The average age of those who died in the 1918-19 flu was 27.2 years. In a typical flu season in the U.S., 90 percent of the deaths are among those over 65. With COVID-19, 78 percent of the deaths have been in the age group 65 and older.
“I don’t know what the virus will do,” Osterholm, who is the director of the University of Minnesota’s Center for Infectious Disease Research and Policy said of the flu two years ago. “But history tells us that influenza comes back and comes back and comes back.”
It’s not just influenza that comes repeatedly but new strains of the coronavirus. With the flu, we have antivirals to treat the sick and vaccines to prevent the disease. When a new coronavirus emerges, we have no vaccines or treatments. Just as we are doing now, we anxiously await the vaccine while experimenting with a host of potential drugs to limit the damage the virus causes.
There is a dynamic at work today to increase the frequency at which viruses can evolve and spread. Our world has grown to 7.58 billion people and will hit 9 billion by 2037, then 10 billion by 2057. To feed all those people will require billions more chickens as as well as more pigs. Human-animal contact will increase in the already densely populated regions of the world.
A dense population is the rich breeding ground for the spread of a highly contagious virus. With more than 1.7 million people flying around the world every day (before the coronavirus struck) there is no stopping another pandemic from killing millions and shutting down the world’s economy again.

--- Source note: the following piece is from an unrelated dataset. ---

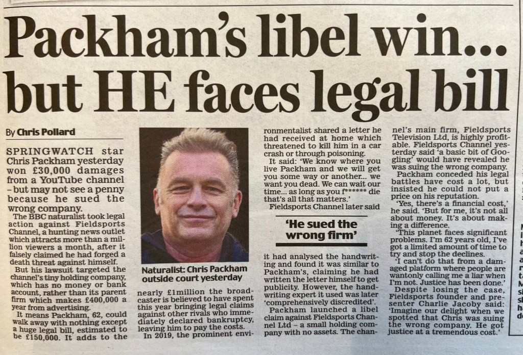 UPDATE 28th November 2023: Daily Mail published apology to Chris Packham for inaccurate reporting of his libel win against Fieldsports Channel Ltd here

We fail to learn the lessons taught each time a particularly deadly virus strikes. We fail to dedicate the funds to the scientific research needed to study, detect, prevent the spread of, and treat new viruses. We fail to eliminate the meat markets in countries like China where the close prolonged contact between animals infected with deadly viruses is a guarantee to create a pathway for a virus to spread. And we continue to pack ourselves into mega-cities.

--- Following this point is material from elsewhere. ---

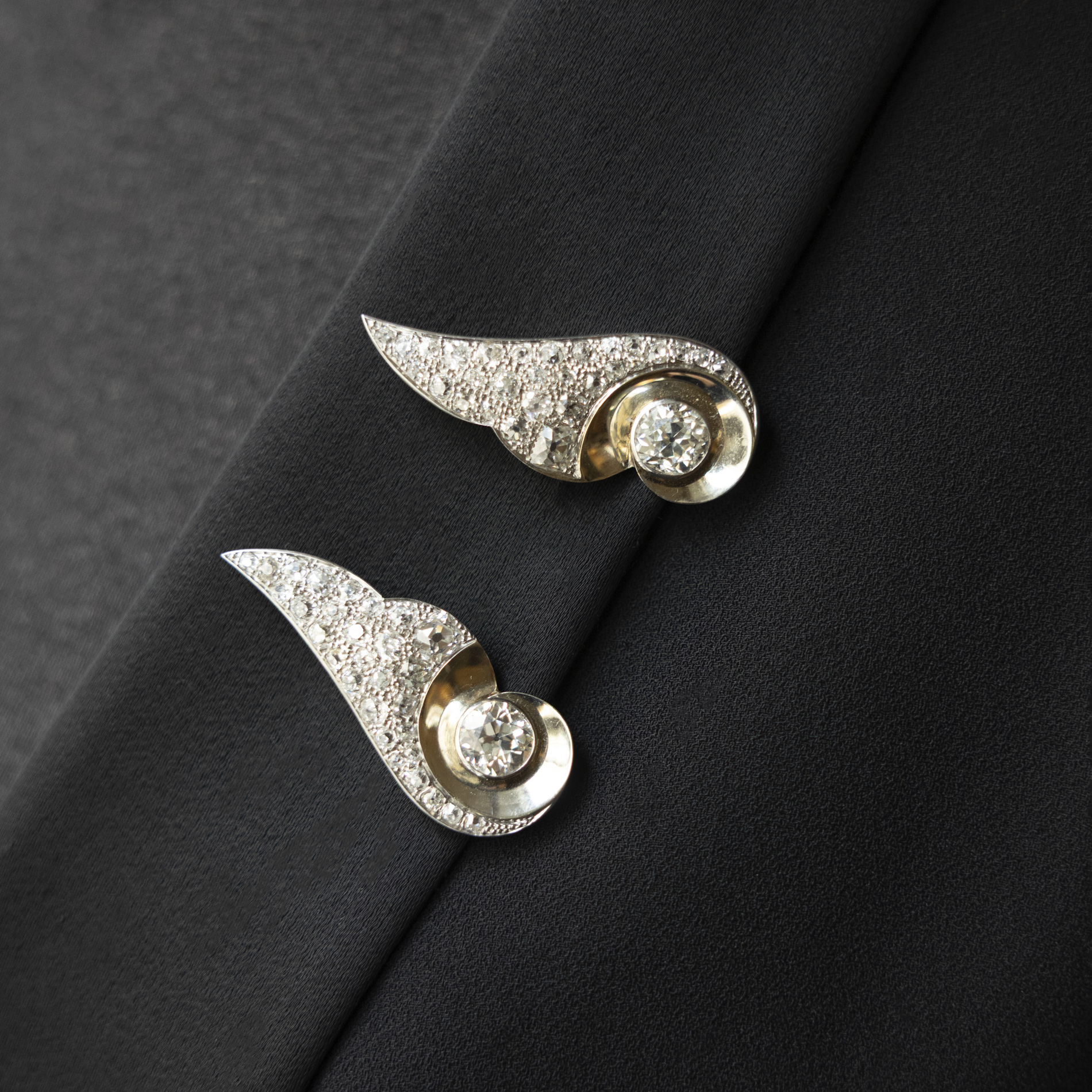 Paire de clips de revers en or, platine diamants (environ 2,75 carats chaque diamants central).

Was this virus a warning shot to densely populated areas; to beehive living. Will this virus alter the mindset of America’s young people and their desire to live tightly into crammed cities?

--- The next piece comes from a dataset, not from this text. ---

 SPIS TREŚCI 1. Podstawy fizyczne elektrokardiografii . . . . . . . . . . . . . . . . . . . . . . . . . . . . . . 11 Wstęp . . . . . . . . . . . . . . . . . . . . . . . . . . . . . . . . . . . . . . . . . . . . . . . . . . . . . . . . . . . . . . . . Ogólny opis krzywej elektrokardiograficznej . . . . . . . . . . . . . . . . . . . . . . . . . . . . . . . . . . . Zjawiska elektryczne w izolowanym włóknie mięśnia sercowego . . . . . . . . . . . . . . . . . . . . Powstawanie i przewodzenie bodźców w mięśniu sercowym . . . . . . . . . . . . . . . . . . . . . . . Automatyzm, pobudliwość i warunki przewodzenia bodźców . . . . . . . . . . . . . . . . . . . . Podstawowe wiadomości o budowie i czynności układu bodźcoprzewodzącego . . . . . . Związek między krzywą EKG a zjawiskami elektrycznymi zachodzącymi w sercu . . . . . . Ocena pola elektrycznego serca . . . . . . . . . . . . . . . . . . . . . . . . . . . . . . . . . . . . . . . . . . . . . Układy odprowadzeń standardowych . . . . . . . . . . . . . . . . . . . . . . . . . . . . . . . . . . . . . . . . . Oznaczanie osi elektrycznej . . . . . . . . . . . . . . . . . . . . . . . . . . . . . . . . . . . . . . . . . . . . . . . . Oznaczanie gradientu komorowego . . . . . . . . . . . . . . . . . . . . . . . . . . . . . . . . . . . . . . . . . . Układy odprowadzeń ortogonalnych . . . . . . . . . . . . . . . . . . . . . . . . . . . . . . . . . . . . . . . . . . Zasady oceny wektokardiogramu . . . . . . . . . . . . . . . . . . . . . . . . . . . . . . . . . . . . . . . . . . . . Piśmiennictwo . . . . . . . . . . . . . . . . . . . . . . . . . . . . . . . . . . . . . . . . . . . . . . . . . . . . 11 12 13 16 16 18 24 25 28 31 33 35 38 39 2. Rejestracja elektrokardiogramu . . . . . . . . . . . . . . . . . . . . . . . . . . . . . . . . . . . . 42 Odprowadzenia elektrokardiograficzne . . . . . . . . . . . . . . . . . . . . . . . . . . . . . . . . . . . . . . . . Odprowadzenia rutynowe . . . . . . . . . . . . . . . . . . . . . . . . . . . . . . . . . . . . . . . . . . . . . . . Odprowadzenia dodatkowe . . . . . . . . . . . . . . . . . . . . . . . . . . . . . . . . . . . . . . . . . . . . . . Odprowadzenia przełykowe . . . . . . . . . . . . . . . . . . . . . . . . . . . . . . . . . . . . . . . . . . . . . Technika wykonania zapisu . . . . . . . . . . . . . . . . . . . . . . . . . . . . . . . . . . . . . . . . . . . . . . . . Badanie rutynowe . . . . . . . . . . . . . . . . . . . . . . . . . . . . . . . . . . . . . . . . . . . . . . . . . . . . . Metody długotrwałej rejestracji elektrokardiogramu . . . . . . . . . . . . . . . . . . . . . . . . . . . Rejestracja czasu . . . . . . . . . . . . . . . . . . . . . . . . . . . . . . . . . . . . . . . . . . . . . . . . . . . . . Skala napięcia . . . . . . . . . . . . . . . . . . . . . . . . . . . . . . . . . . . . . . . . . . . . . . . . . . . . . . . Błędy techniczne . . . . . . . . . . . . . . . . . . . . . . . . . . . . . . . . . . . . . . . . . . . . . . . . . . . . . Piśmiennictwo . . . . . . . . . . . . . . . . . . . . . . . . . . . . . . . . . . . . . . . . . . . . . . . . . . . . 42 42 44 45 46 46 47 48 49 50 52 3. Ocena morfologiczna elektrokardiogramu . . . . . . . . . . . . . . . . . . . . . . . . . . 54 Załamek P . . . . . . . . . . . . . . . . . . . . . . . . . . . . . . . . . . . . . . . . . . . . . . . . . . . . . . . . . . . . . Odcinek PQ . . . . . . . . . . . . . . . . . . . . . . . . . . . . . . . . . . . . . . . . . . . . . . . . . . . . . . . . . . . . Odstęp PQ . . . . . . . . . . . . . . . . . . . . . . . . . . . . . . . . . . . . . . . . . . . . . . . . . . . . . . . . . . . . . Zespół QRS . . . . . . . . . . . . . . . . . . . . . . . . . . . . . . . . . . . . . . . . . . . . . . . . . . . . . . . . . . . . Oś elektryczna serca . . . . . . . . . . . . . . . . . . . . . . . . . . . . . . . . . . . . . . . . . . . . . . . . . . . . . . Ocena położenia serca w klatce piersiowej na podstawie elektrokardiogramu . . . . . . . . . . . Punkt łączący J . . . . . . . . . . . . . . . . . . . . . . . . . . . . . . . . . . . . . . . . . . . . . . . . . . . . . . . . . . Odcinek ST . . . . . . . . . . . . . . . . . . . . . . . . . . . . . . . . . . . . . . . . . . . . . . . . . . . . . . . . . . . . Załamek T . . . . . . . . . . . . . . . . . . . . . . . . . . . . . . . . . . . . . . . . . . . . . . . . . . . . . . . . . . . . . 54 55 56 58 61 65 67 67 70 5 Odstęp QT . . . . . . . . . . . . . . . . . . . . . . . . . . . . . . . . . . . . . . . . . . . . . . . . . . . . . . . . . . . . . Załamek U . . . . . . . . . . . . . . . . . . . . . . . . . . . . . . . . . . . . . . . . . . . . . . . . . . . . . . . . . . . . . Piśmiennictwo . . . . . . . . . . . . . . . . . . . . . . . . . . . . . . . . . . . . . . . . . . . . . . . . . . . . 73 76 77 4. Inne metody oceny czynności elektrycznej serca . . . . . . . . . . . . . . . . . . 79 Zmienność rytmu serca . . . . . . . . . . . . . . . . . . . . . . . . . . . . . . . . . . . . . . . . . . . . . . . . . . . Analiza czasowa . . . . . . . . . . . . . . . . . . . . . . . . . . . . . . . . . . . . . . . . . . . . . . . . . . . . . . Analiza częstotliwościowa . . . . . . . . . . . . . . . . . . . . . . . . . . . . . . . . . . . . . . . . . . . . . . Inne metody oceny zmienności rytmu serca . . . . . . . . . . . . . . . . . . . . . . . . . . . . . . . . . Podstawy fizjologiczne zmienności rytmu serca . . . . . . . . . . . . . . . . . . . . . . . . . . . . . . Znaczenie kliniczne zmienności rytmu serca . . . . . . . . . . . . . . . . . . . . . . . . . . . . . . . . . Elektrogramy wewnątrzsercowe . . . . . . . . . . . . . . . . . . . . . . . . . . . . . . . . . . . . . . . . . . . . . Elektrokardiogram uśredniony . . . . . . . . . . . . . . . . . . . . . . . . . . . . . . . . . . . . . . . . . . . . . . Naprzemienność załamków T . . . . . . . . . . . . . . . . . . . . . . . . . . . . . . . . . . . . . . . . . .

We know the coronavirus can spread to rural America. But we are protected to a great degree by our low population density. We don’t have mass transit busses or subways, we don’t ride in packed elevators, we don’t wait in long lines in small spaces for a cup of coffee, we don’t touch door handles that were touched by a thousand people that day. The crowds in the metropolitan areas are also far more likely to have high numbers of international travelers coming and going from their business centers.
What this virus may have done is accelerate the work-at-home movement that was growing before COVID-19 started taking so many lives.
“The movement we’re seeing now is not just a reaction to one pandemic,” Joel Kotkin, who studies how and why people move and wrote about the “Coming Age of Dispersion” at newgeography.com, is quoted in The Washington Post. “There will be a longer impact, an acceleration of the process that was already starting. The work-at-home trend was already building, the small towns were already becoming much more cosmopolitan, with more and better coffee places and restaurants, and the big cities were already becoming prohibitively expensive.”
What steps can we, should we, be taking to make our communities ready for a migration from metropolitan areas to the country should this virus be the impetus for change?
One challenge will be overcoming an all too common image of rural America. “You’ll still have urban centers,” Kotkin writes. “But they’ll be less intense and more dispersed. You’ll no longer have to choose between unaffordable, overcrowded cities and incredibly boring countryside. There will be a more attractive middle ground.”
How do we capitalize on the safety our low-density population provides during a pandemic but also on our greater sense of community that adds value and meaning to life?
We need to be thinking about these challenges in the days ahead.